An update on eldest child: I am happy to report that H's recent change to the private hippie "unchooling" high school seems to have been 100% positive for him. For the first time since I can remember, he seems excited about being at school, and self-motivated (as opposed to me standing over his bed each morning, hollering at him to get out the door to school) to get where he needs to be each day, and to participate in what is going on at the school. Two of his friends transferred from his old school to the new school at the same time he did, so he immediately had friends there, and he's made new ones as well. He just seems generally much happier than he has been for a long time.

The school is definitely very unconventional. Although he has actual classes, he also has tremendous freedom there to take his interests wherever he wants to go.He doesn't have real homework, and right now, his primary school interest is sound mixing - - you know, like music engineering, using actual instruments, as well as messing around with looping and mixing software on the computer. He has asked for DJ equipment for Christmas, and he says he'd like to eventually start spinning at parties.
It's very hard for me to let go of my worry that as a junior in high school, he should be paying more attention to Hemingway and chemistry - just like I did - and less attention to things like illustrating a children's book (another school project) or mucking around with music software for entire afternoons. But after living through the past four or five years when he became increasingly negative toward and disengaged from anything related to school, it's nice to see him truly interested in something, and making some effort at it. Before, he hated school so much that he had mentally checked out, even though I was forcing him to show up each day. He wasn't learning anything, and he was miserable. Something had to give, or I was really afraid he wouldn't graduate at all. Now he seems excited about school, and life, and learning.
Another big change is that I am seeing a whole lot less of him lately. H would move out of our house and get his own place in a heartbeat if I would let him, and if he could afford it.
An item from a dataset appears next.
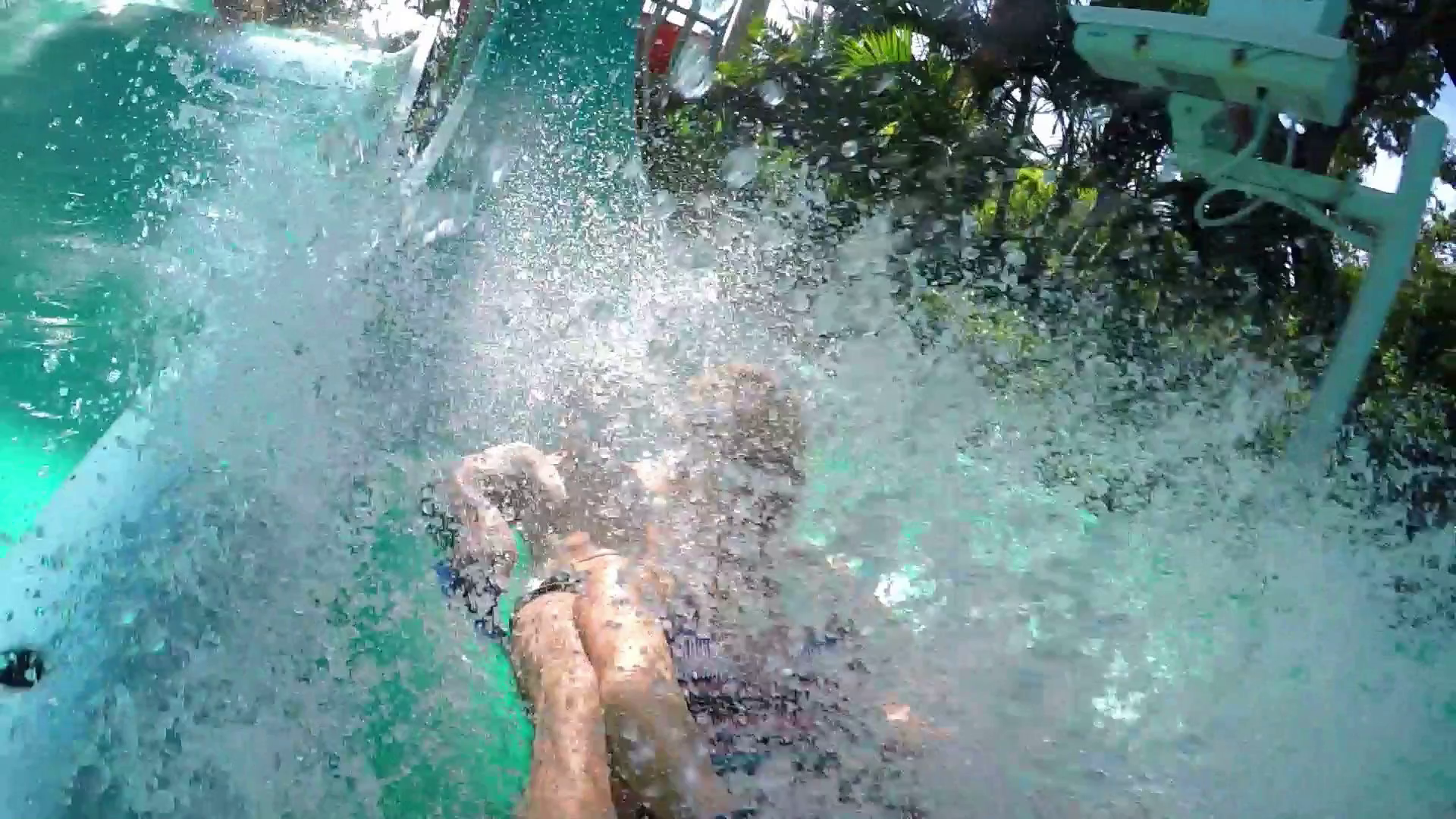Cheerful Couple Sliding In Waterpark With Gopro On Water Slide

But I've told him he's stuck living at home until he turns 18, plus he hasn't made any effort thus far to earn the cash necessary to pay for his own place. Since he says he wants to live independently for his senior year of high school, I've been encouraging him to get organized around that idea, and begin earning and saving some money. We'll see if that actually happens.
In the meantime, however, he is following my requirements regarding being at home, which are pretty minimal at this point. He has to be by 11 on weeknights, for example. Unfortunately, since I am almost always in bed before 11, there are a lot of days when I don't see him, since I leave for work before he leaves for school. We do talk on the phone and text each other a few times each day, every day, and I try to make time for regular mother-son one-on-one time. I pop into his bedroom to give him a kiss on the forehead each morning before I leave for my job. And tonight, he and I are going out to dinner together - just the two of us. But in general, I just see very little of him these days. He has a friend from his school who is legally emancipated from his parents, and who has his own apartment - within walking distance of the school both the boys attend. Needless to say, this guy's apartment has become a very attractive hangout for H. I think that it's sort of like his second home these days.
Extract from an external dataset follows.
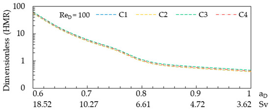 For the structure with aD = 0.6, ReD = 100, and = 175, we obtained a GCI of 2.18%. A necessary parameterization for a quality network is to maintain proportionality between cell sizes and tube diameters. For convergence of the numerical model, the geometry with the smallest diameter ratio and the largest ReD requires sufficiently small and well-distributed cells. The grid configuration has ten hexahedral cell layers in the tube wall (i.e., the layers needed to create an accurate computational domain) with a total of 2.7 × 106 to 5.5 × 106 hexahedral cells.

I worry about him all the time because he's away from me so much now. I sometimes literally wake up in the middle of the night with a sudden terror that I'm not there to oversee what he's doing, and something bad is going to happen to him. Is he making good decisions? Is he showing good judgment? Am I going to get a call at 3am on a Saturday night from the ER, or from the police, saying that my teenage boy has done something incredibly stupid? But really, that's something I no longer have much control over. He's got one foot out the door, and is pretty much "cooked" as my parents use to say. Whatever decisions he's going to make, or choices he pursues are largely beyond my influence, and I am certainly not naive enough to believe that he isn't engaged in some stuff I wish he weren't doing. At least he isn'tt driving, so that's one less thing I have to worry about. I just have to hope that the intensive parenting I've put in with him in the past 17 years will continue to resonate with him even when I am not around enough to keep him safe until he matures a bit more in his decision-making faculties. As not all of his choices in adolescence thus far have been particularly wise or healthy, I have to hope he's at least learned from some of the dumber things he's already done.
When I was 17, I was a year ahead of H in high school, and I, too had an emotional and social life that was increasingly removed from my parents' oversight. Before I turned 18 - the day after high school graduation - I moved out of their house with their blessing, and took off for Europe, and then college. Except for brief stints of a couple of weeks here and there, I never lived at home again. I made some excellent decisions, and some very bad ones during late adolescence. I had some great experiences, and some terrible ones. But I always felt like my parents had my back during that turbulent period, even when I was many miles away - literally or figuratively. I felt empowered by their apparent trust in me to lead my own life, without a lot of active interference from them. And I counted on them to help me pick up the pieces when I made a complete mess of things, which I did on several occasions before reaching true adulthood.
I hope I can do that for H. It surely is hard to let go, though. And I really miss him already.